It is clear that technology progresses at a higher speed than our ability to adapt and use the new materials or systems at their full potential. Beyond inevitable collisions, we observe in real time the reconfiguration of social interactions in a space mediated by digitalization, which leads to a higher change of cultural paradigm.
At a first glance, the changes in the physical space seem easily acceptable, or even unnoticeable. In our increasingly smarter cities, invisible sensors constantly gather a huge amount of information (the so-called big urban data), more in a day than in the last hundred years. Archives are created with flows of traffic, movement and break times, analysis of air composition, marker flows on various things, tweets, likes and visits. One does not know exactly what they will be used for, but it is clear that they will be used in the future, and the success will go to the one able to use them. From the pessimistic scenarios (Paul Virilio, for instance) forecasting feelings of anxiety, the loss of reference points, technocracy, and increased social discrepancies etc., to the optimistic ones (the physics of the future for Michio Kaku) which bet on a safer, healthier and more comfortable life, everything seems possible. But, most likely, people will always keep the right balance. Though one can never be sure of people.
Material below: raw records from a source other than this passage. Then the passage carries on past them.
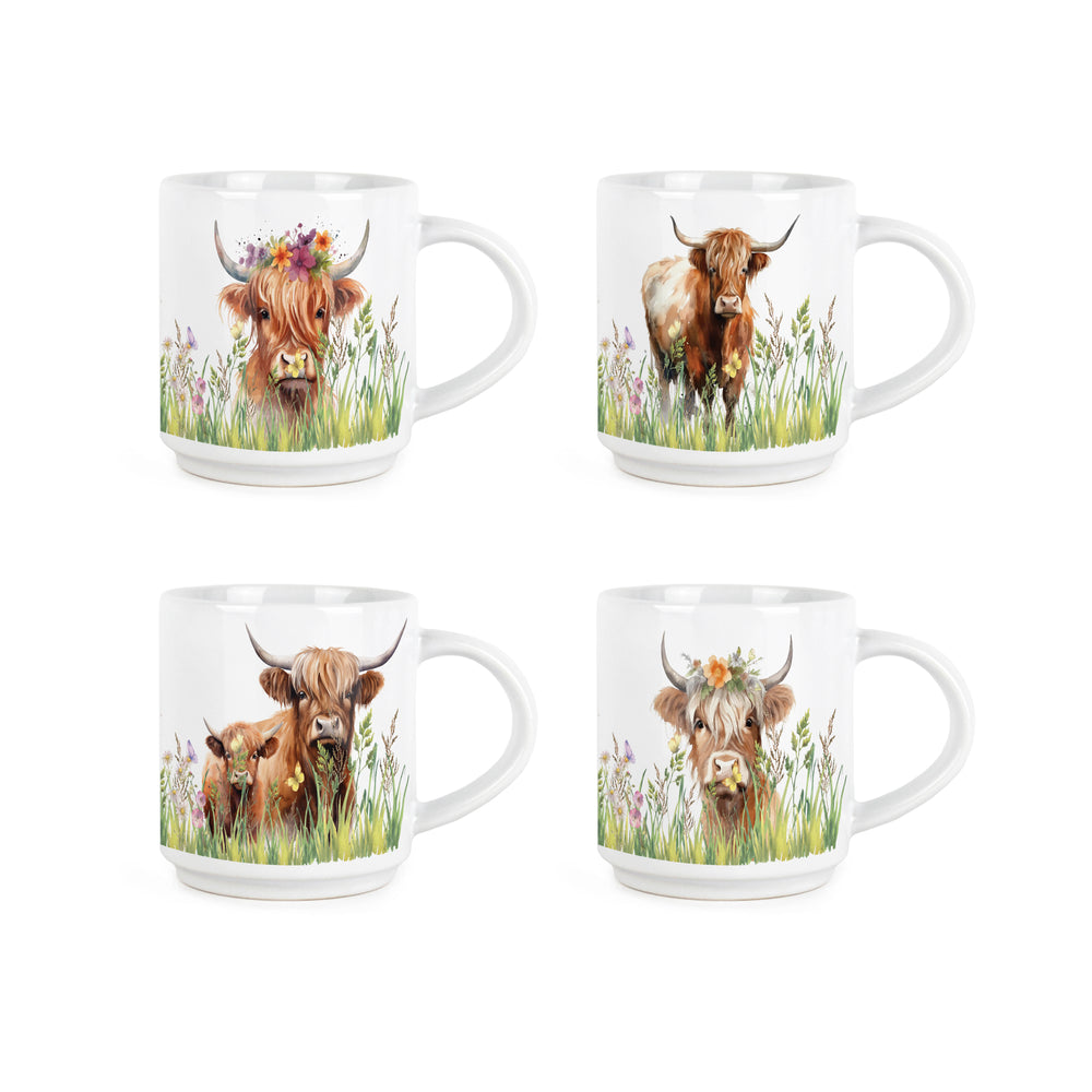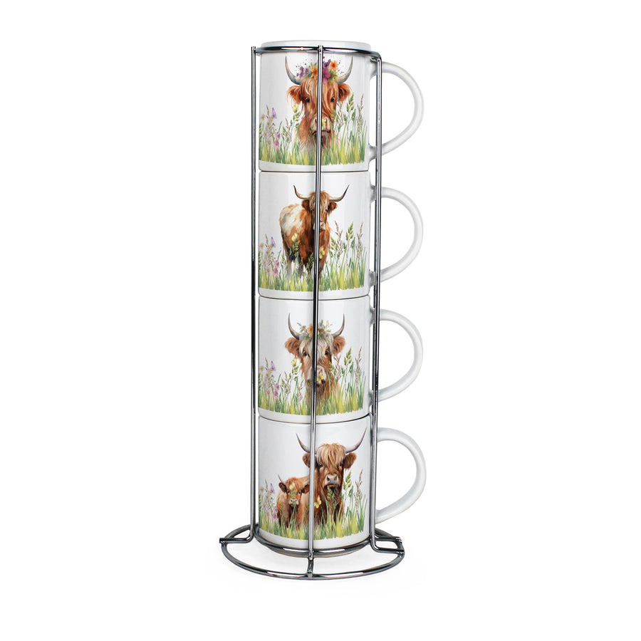Are you an animal lover? This set of ceramic stacking mugs feature four adorable highland cow designs - surrounded by flowers & butterflies. A lovely housewarming gift for friends & family, or for adding a touch of countryside charm to your own kitchen countertop! Provided as a set of four with a metal stand, to keep the mugs on display.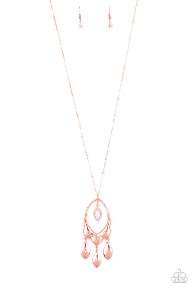 Encrusted in a ring of glassy white rhinestones, an iridescent marquise shaped rhinestone swings from the top of an ornate shiny copper frame dotted in white rhinestone flowers. Dotted with matching white rhinestones, shiny copper frames dangle from the bottom of the frame at the bottom of a lengthened shiny copper chain for a trendsetting finish. Features an adjustable clasp closure.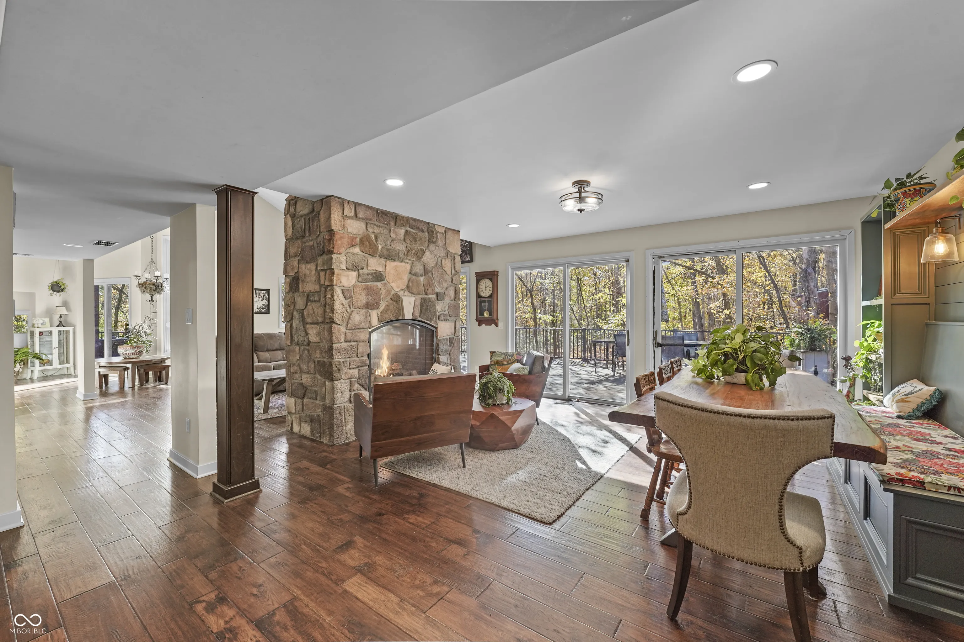 Wooded Paradise Retreat in Exclusive Geist neighborhood w Boat Dock! This 6 bed 3.5 bath custom build sits on 2.5 secluded acres in the highly-coveted Geist community of Forest Knoll. Windows abound throughout the expansive main level allow for breath-taking views of the nature outside. A fully-renovated, double-sided stone fireplace serves as the focal point. Grand remodel in 2014 doubled the living space adding 2 bedrooms, a laundry/mud room w access to the back deck, 23×23 living room, a larger/remodeled kitchen adding granite c’tops, single basin farmhouse sink, butcher block island (Grothouse Lumber), chef grade appliances & custom cabinetry (Sterling Grey – Chicago). The meticulous & thoughtful owner has expertly prepped to sell; recently replacing the entire roof/siding (’25), adding a 53×16 back deck (’22), outdoor pillar lights (’23) tastefully illuminating the driveway perimeter at night, pet fence w large perimeter (’25), water softener (’25), new carpeting in 3 bedrooms & storage room (’25), & large freshly-painted interior. Forest Knoll is one of the most naturally secluded neighborhoods on Geist w 100 heavily-forested acres & only 29 properties! Enjoy private access to Geist w deeded boat slips on the new pier (’25). Enjoy a peaceful walk/golf cart ride in the woods! Forest Knoll boasts over a mile of gravel trails perfect for connecting w nature. There’s a great chance you’ll spot several deer! Forest Knoll waterfront provides an outstanding view of Geist’s fireworks as neighbors join for bonfires & fellowship at the water’s edge. These properties RARELY come to market. Generally, they are spoken for years in advance and you’ll understand why once you tour. This is a once-in-a-lifetime opportunity to buy into the premiere Fishers n’hood along Geist for anyone who values a peaceful existence in a highly-natural & sophisticated setting.

The beauty comes when those data are made visible, people understand what they see and this translation means going from information to knowledge. At one end, key decisions of urban planning are taken based on such statistical diagrams; at the other, the residents of a city may have an impulse for the urban administration, may increase the dialogue or may set up, in time, new communities.
Media architecture is seen as the most recent art and craft of space modelling in the digital era. This new area may bring together multiple opportunities of mediation with most diverse issues and requests, from arts to politics and entertainment to environmental sciences: “To me, it is not about technology. It is about materials that are provisioned to mediate interactions by designing spaces that use specific modalities in order to manifest a certain set of values”. This is how the field was described by Martin Brynskov, the director of the second edition ofMedia Biennale in Aarhus, Denmark. This definition extends the concept of media to its most extreme physical element, taking at the same time the concept of architecture to its most non-physical meaning. Projects presented at the biennale will be featured in the coming issues of Zeppelin, stay tuned!
Until then, only an example of an application getting Aarhus (recently selected for the 2017 European cultural capital) ready for the cultural transition to a smart city status:
City Bug Report is an installation set on the city hall tower for the biennale and which will work until December. The building was designed by the great Danish architect Arne Jacobsen, and is classified as a monument since 1997, so any intervention needs to be completely reversible. (As a coincidence, in 1937, when the project started and he was asked to produce a monumental building, Arne Jacobsen pleaded for a rather democratic architecture, finally accepting the construction of the tower, but which he made to be surrounded by a scaffolding structure, to look like a construction site for ever!). On a truly light structure, rather behind the structure of the tower, 4 layers made of 5,500 leds (Pixel) were placed on 4 successive levels, each one being managed by a controller. The content displayed on the layers is part of the “City Bug Report” system, through which people in Aarhus can digitally talk about issues coming in their city (via internet or smartphone). A series of differently coloured dots (red, blue) goes on those layers, each dot standing for a critical case (bug) in a certain stage, depending on the time and the problem-solving status. In one day, those small animations show the lifecycle of various bugs coming along one year, and constantly updated. Finally, when the issue is sorted out by municipality, the dot turns white and then goes away.
The project is completed in cooperation with the Media Architecture Institute and Aarhus University / PIT / CAVI with the support of AHL Mediafacades which covered the hardware. But the top challenge was, obviously, that for the municipality, which accepted a difficult thing, namely to introduce an administrative information in an open-data system (information available to anyone, and which is, in its turn, created by the contributions of the public). The tower of the Aarhus City Hall is now the most visible representation of that vision, a genuine democratic instrument specific to the smart city.